» **WHAT THE TASK ASKS**
Your output should be the lines from the one with "本章で開発するWebアプリケ" through the last line of the records below, exactly as written, minus the pictures.

» **EXERCISE INPUT**
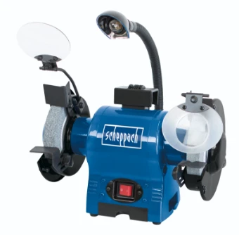 Scheppach bg150 dubbele tafelslijpmachine 6". geschikt voor zowel doe-het-zelvers als professionals. met deze sterke bank slijpmachine kunnen tools eenvoudig geslepen worden.bijzondere kenmerken•krachtige 0,5 hp inductiemotor voor een glad en accuraat resultaat•de oogbeschermkappen beschermen de ogen tegen opvliegend puin zonder het zicht te belemmeren•verstelbaar gereedschap verlengt de levensduur van het gereedschap•groot, flexibel werklicht met aparte schakelaar, zodat u zelf kunt gepalen wanneer u de lamp gebruikt•koelvloeistof tray zodat warme materialen gekoeld kunnen worden•een ruwe en een gladde 150 mm slijpschijf
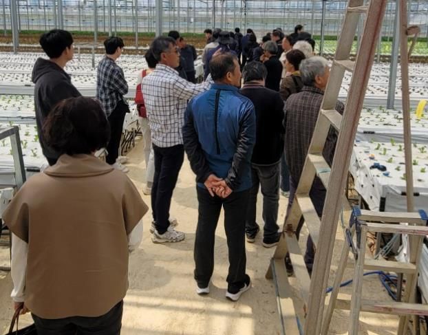 지난 25일에는 교육생들이 김제시와 부안군에 위치한 스마트팜 시설하우스와 육묘장을 방문해 선도농가의 데이터 활용 ICT 환경제어 기술과 수경재배 모종관리 방법을 전수 받는 현장학습을 실시했다.
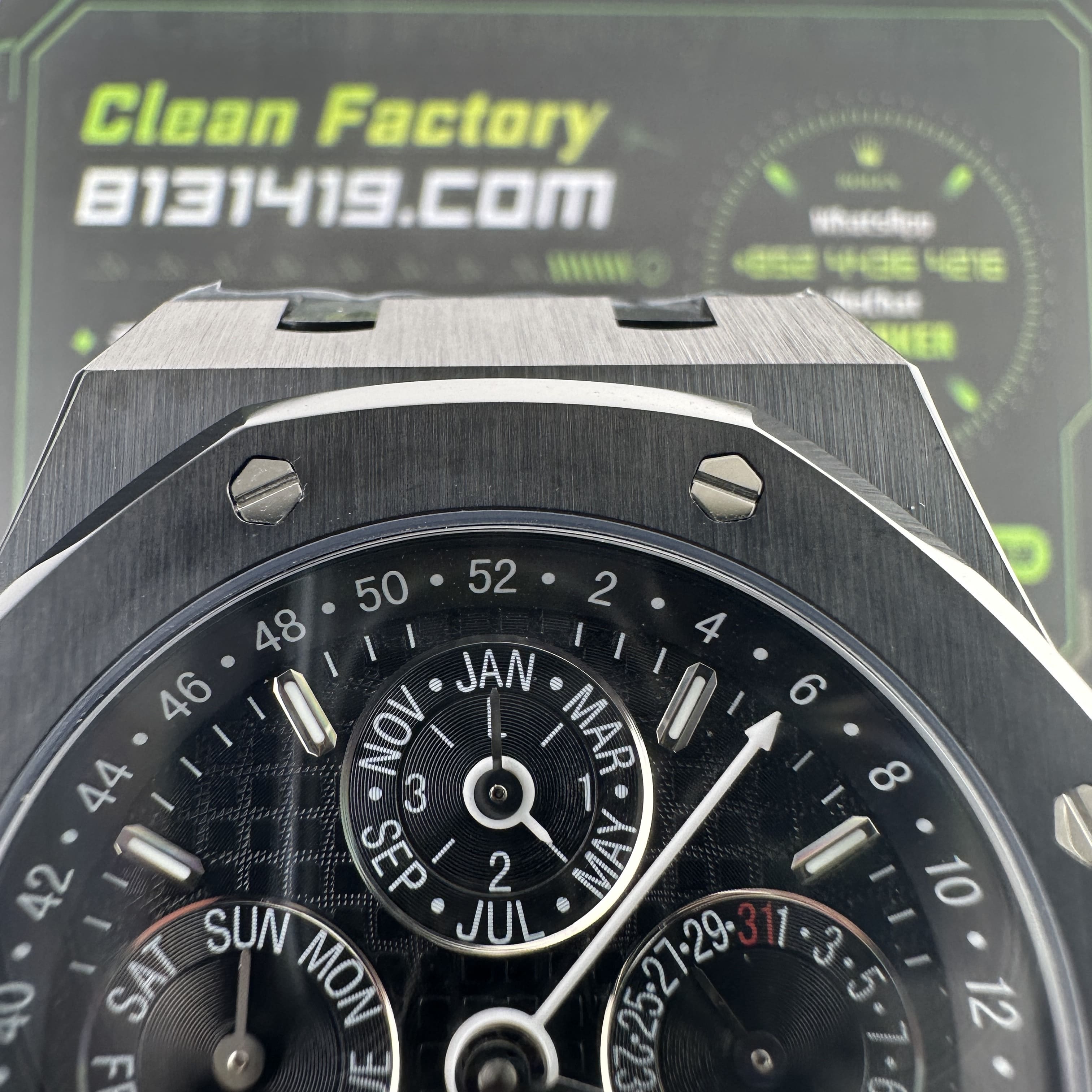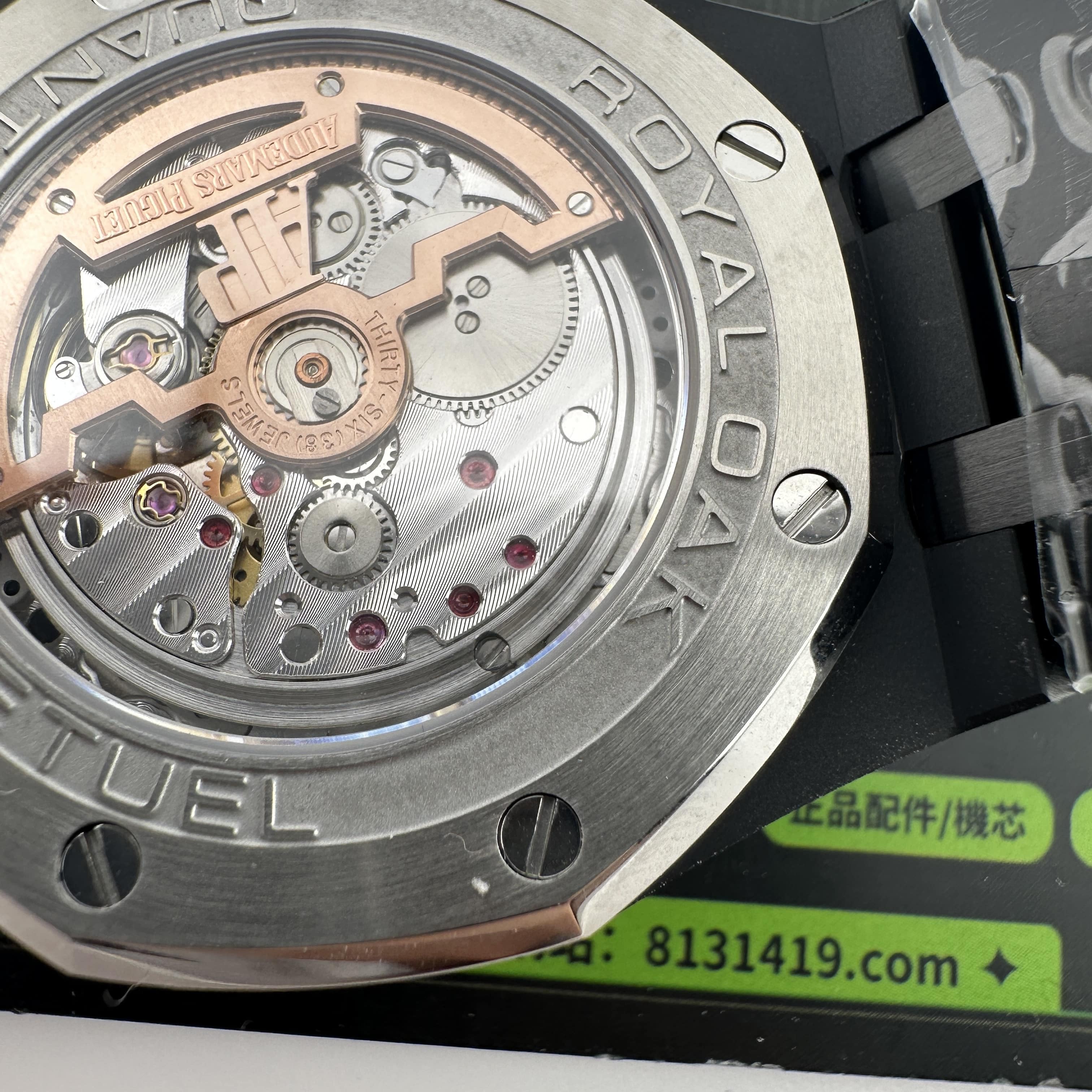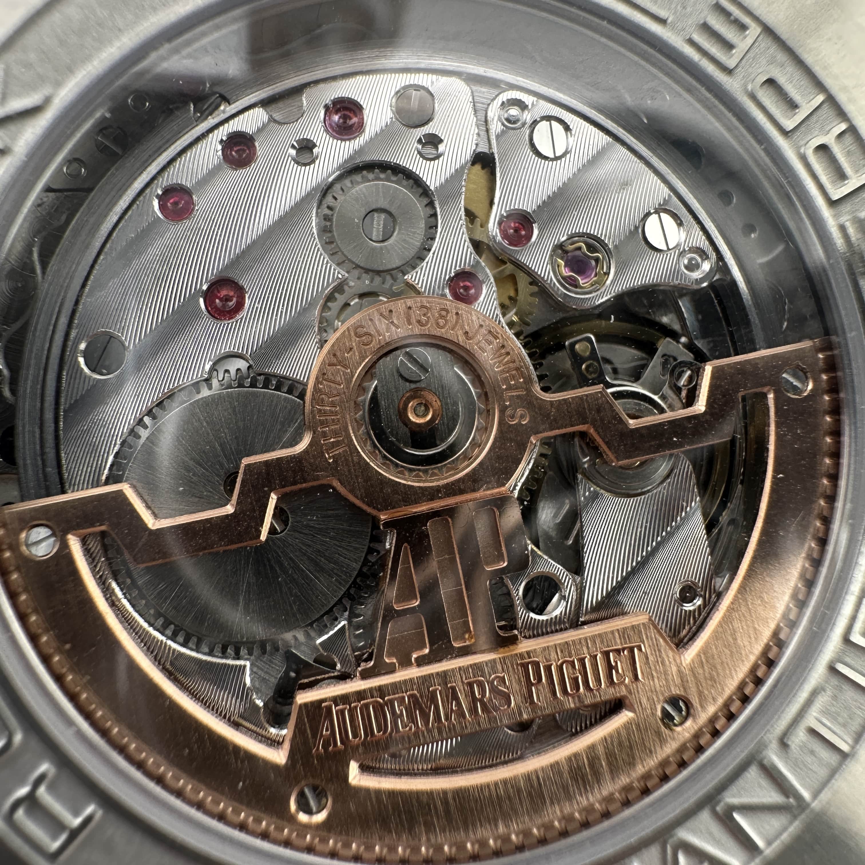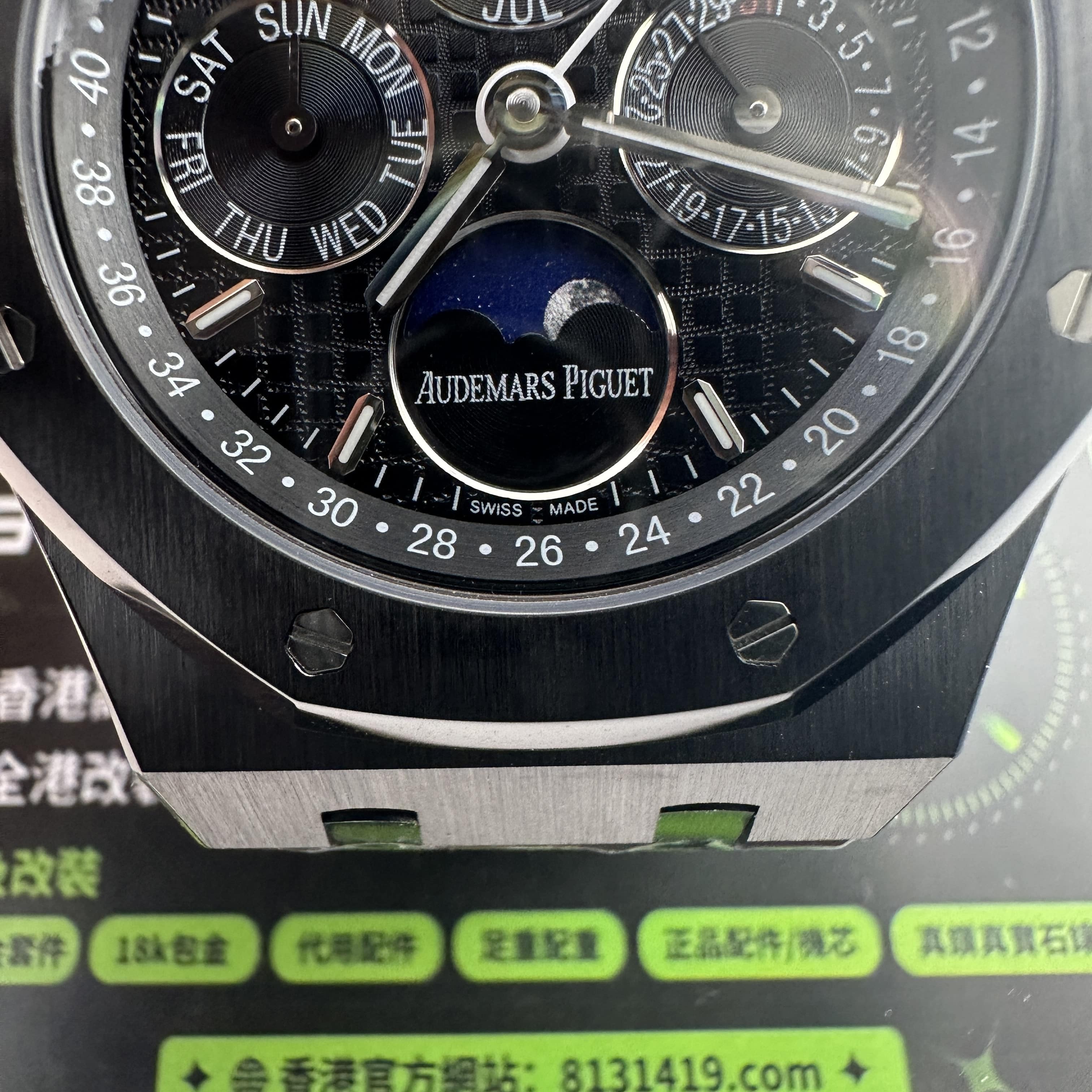 值得關注的是整個錶盤帶來的"舒適感",清晰易讀的局部設計,盤面4個小圈設定的位置與原版相同,部分廠家出品的劣質版本4個小圈功能分佈比較擴,並不是貼合角度,因此肉眼角度上即可分別一眼假.其次是印刷塗層的阿拉伯數字以及英文字面比較多,工藝層面上已經達到及格,每一組數字和分鐘軌道不亂且清晰.月相部分對比原版還原度百分之90左右,月球的影子部分做的還是比較細節.BBS廠26579以及26574都是搭載了9015改原裝正品5134機芯,並不是一體機芯,但可以顯示功能百分百還原的主要原因是對機芯進行調校以及改裝
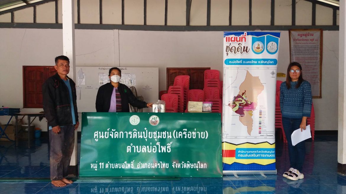 วันที่ 3 กุมภาพันธ์ 2566 นางปฏิญญา ทองสนิท เกษตรอำเภอนครไทย มอบหมายให้นางสาวดอกไม้ คงหนองลาน นักวิชาการส่งเสริมการเกษตรชำนาญการและนางสาวยุพา สิทธิไกรพงษ์ นักวิชาการส่งเสริมการเกษตรปฏิบัติการ พร้อมด้วยนางวิรุฬวัลย์ อิ่มอ่อง นักวิชาการส่งเสริมการเกษตร มอบวัสดุอุปกรณ์โครงการศูนย์เรียนรู้การเพิ่มประสิทธิภาพการผลิตสินค้าเกษตร (ศพก.) กิจกรรมศูนย์จัดการดินปุ๋ยขุมชน (ศดปช.) เครือข่าย ณ ศูนย์จัดการดินปุ๋ยขุมชนเครือข่ายบ้านโคกเนินทอง หมู่ที่ 11 ตำบลบ่อโพธิ์ อำเภอนครไทย จังหวัดพิษณุโลก
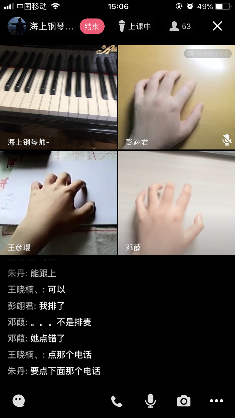针对19级学前教育专业和18级小学教育专业的《键盘基础》课程,以讲授和示范为主,田老师在群课堂里一遍遍地示范弹奏,学生们同时进行手指的模仿性练习,并且不时点名连麦,抽查弹奏情况、监测教学质量、跟进学生在屏幕后的学习状态。同学们纷纷表示这样的教学方式很直观,能够清楚地看到老师的示范,对理解弹奏要点有很大帮助。由于大多数同学只能在家里的书桌上、茶几前进行手指练习,较为抽象,钢琴演奏专业出身的田苗老师还在课堂结束前同学们献上一首首钢琴曲,调节学生的学习情绪。
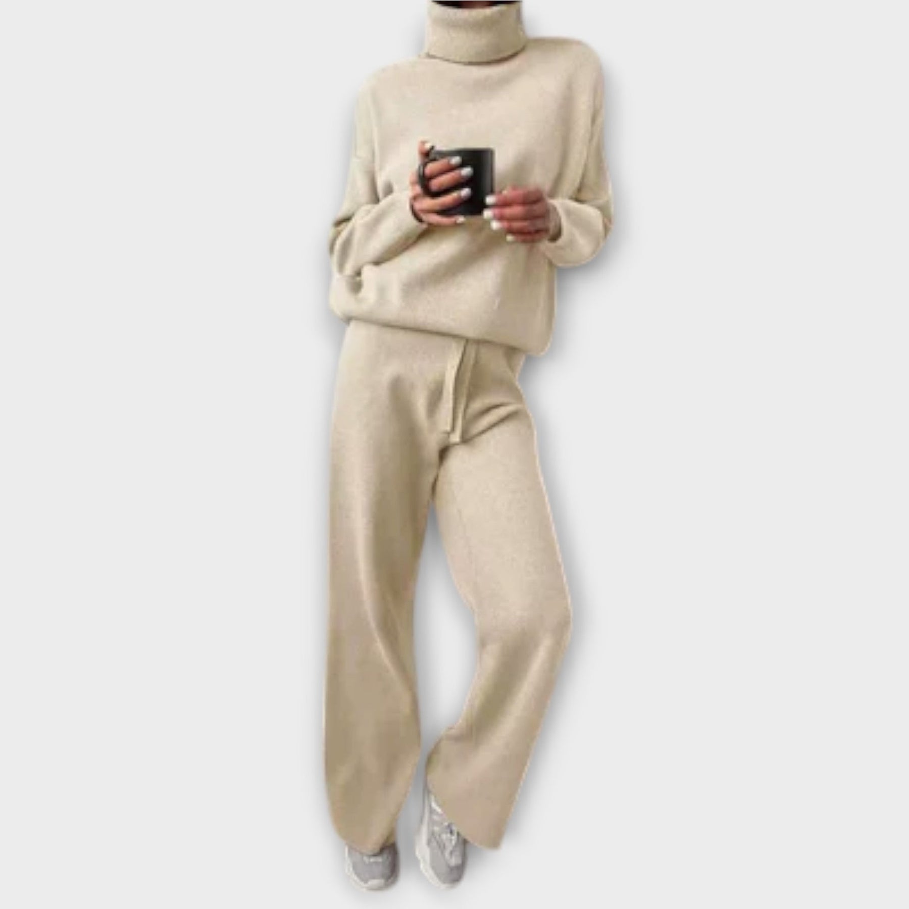 Svøm i varme og blødhed med Theresa sættet – et afslappet strikensemble, perfekt til kolde morgener eller langsomme aftener derhjemme. Sættet inkluderer en løs turtleneck jumper og brede bukser med en komfortabel snor i taljen, der tilbyder ubesværet stil med maksimal hygge.
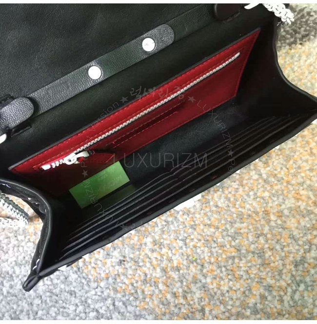 화이트 메탈 체인 나파 가죽 안감 처리. 내부: 레드 컬러 지퍼 포켓 여덟 개의 카드 슬롯.
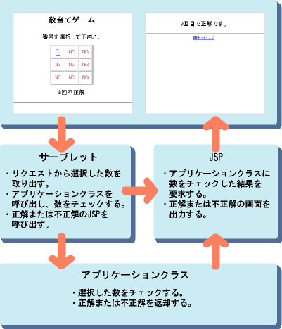 本章で開発するWebアプリケーションは、Webブラウザ上で1から9までの任意の数を当てるアプリケーションです。アプリケーションはサーブレットとJSPから構成されます。
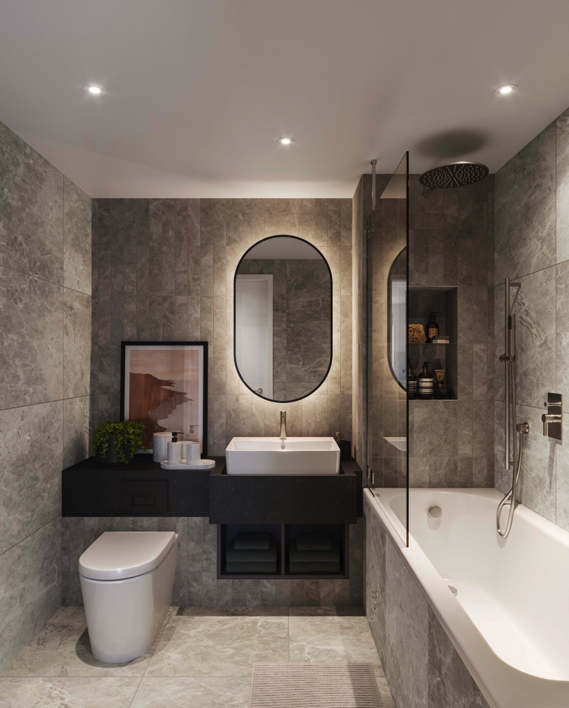 - Private outdoor space with park or podium garden views

» **TASK RESULT**
 本章で開発するWebアプリケーションは、Webブラウザ上で1から9までの任意の数を当てるアプリケーションです。アプリケーションはサーブレットとJSPから構成されます。
 - Private outdoor space with park or podium garden views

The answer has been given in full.